(198 days)
The Dash 3000/4000 Patient Monitor is intended for use under the direct supervision of a licensed healthcare practitioner. The intended use of the system is to monitor physiologic parameter data on adult, pediatric and neonatal patients. The Dash is designed as a bedside, portable, and transport monitor that can operate in all professional medical facilities and medical transport modes including but not limited to: emergency department, operating room, post anesthesia recovery, critical care, surgical intensive care, respiratory intensive care, coronary care, medical intensive care, pediatric intensive care, or neonatal intensive care areas located in hospitals, outpatient clinics, freestanding surgical centers, and other alternate care facilities, intra-hospital patient transport, inter-hospital patient transport via ground vehicles (i.e., ambulance, etc.) and fixed and rotary winged aircraft, and pre-hospital emergency response.
Physiologic data includes but is not restricted to: electrocardiogram, invasive blood pressure, noninvasive blood pressure, pulse, temperature, cardiac output, respiration, pulse oximetry, carbon dioxide, oxygen, and anesthetic agents as summarized in the operator's manual.
The Dash 3000/4000 Patient Monitor is also intended to provide physiologic data over the Unity network to clinical information systems and allow the user to access hospital data at the point-of-care.
This information can be displayed, trended, stored, and printed.
The Dash 3000/4000 Patient Monitor was developed to interface with non-proprietary third party peripheral devices that support serial data outputs.

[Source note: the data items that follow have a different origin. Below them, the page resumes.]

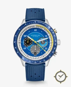 Eine Chronograph-Uhr mit einem markanten 46mm Auftritt am Handgelenk, gefertigt aus Edelstahl mit einem Zifferblatt in blau und einer besonderen "sunburst"-Oberfläche.
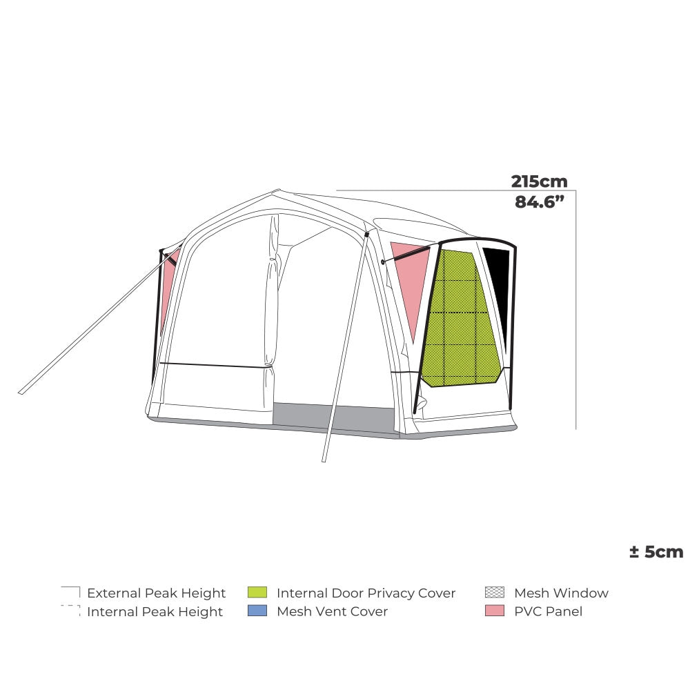 Boasting oversized air tubes for exceptional wind stability and a rapid two-minute inflation, setup is swift and straightforward. Near-vertical side walls and full head height deliver generous internal space, while two side access doors with protective brow pole awnings promote superior ventilation and convenience — each fully enclosable or openable with mesh panels. The included waterproof wall fully encloses the front opening for complete weather protection, while three-way windows and tinted PVC skylights offer premium light and ventilation options.
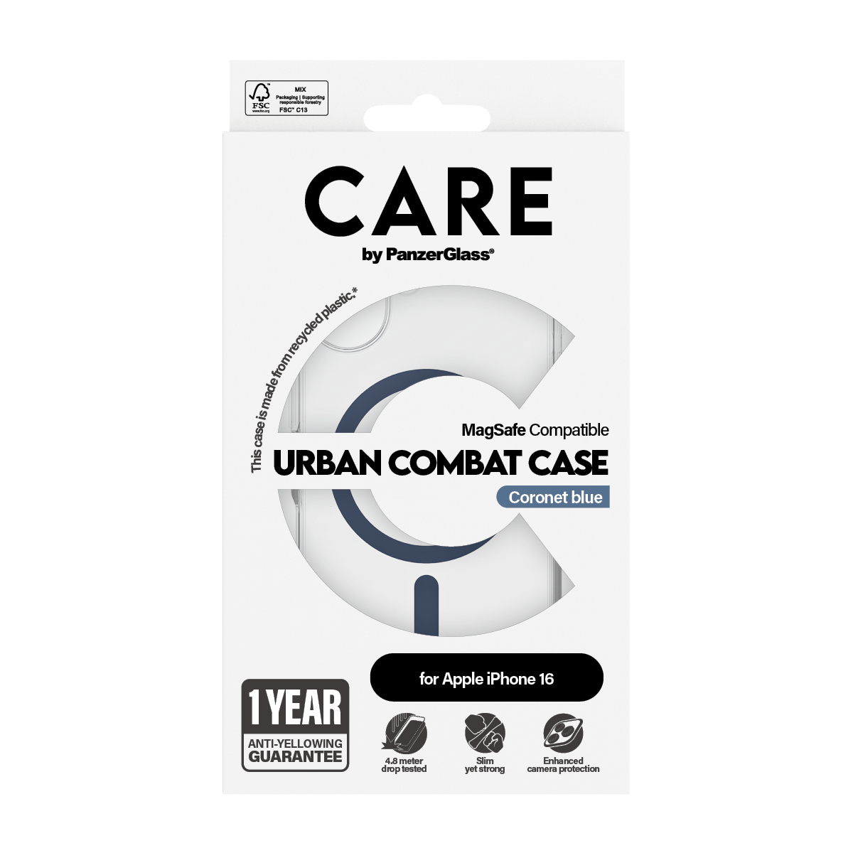 PanzerGlass CARE™ by ® Urban Combat Case Transparent w. Blue MagSafe iPhone 16. Type d'étui: Housse, Compatibilité de marque: Apple, Compatibilité: Apple - iPhone 16, Couleur du produit: Transparent

The Dash 3000/4000 Patient Monitor is a device that is designed to be used to monitor, display, and print a patient's basic physiological parameters including: electrocardiography (ECG), invasive blood pressure, non-invasive blood pressure, oxygen saturation, temperature, impedance respiration, end-tidal carbon dioxide, oxygen, nitrous oxide and anesthetic agents. Other features include arrhythmia, cardiac output, cardiac and pulmonary calculations, dose calculations, PA wedge, ST analysis, and interpretive 12 lead ECG analysis (12SL). Additionally, the network interface allows for the display and transfer of network available patient data.
The provided document refers to the K020290 submission for the GE Medical Systems Information Technologies Dash 3000/4000 Patient Monitor. This submission is a 510(k) premarket notification, which means the device is seeking substantial equivalence to a predicate device rather than presenting novel acceptance criteria or a detailed clinical study for efficacy.
Therefore, the document does NOT contain the specific information requested in the prompt regarding:
- A table of acceptance criteria and reported device performance.
- Sample sizes, data provenance, number of experts, adjudication methods, or ground truth details for a test set.
- Information on multi-reader multi-case (MRMC) comparative effectiveness studies.
- Details of a standalone algorithm performance study.
- Sample size and ground truth establishment for a training set.
Instead, the document focuses on the regulatory aspects of a 510(k) submission, confirming the device's intended use, classification, and that it "employs the same functional scientific technology as its predicate devices."
The "Test Summary" section lists quality assurance measures applied to the development, which are general engineering and quality management practices, not specific clinical performance studies with acceptance criteria as typically understood for AI/ML devices. These measures include:
- Risk Analysis
- Requirements Reviews
- Design Reviews
- Testing on unit level (Module verification)
- Integration testing (System verification)
- Final acceptance testing (Validation)
- Performance testing
- Safety testing
- Environmental testing
The conclusion states: "The results of these measurements demonstrated that the Dash 3000/4000 Patient Monitor are as safe, as effective, and perform as well as the predicate device." This is a statement of substantial equivalence, not a report of meeting specific numerical performance criteria from a clinical study.
In summary, the provided document does not contain the detailed study results and acceptance criteria as requested because it is a 510(k) summary for a patient monitor, which relies on demonstrating substantial equivalence to a predicate device rather than presenting novel clinical performance data against predefined acceptance criteria in the manner expected for an AI/ML device.
§ 870.1025 Arrhythmia detector and alarm (including ST-segment measurement and alarm).
(a)
Identification. The arrhythmia detector and alarm device monitors an electrocardiogram and is designed to produce a visible or audible signal or alarm when atrial or ventricular arrhythmia, such as premature contraction or ventricular fibrillation, occurs.(b)
Classification. Class II (special controls). The guidance document entitled “Class II Special Controls Guidance Document: Arrhythmia Detector and Alarm” will serve as the special control. See § 870.1 for the availability of this guidance document.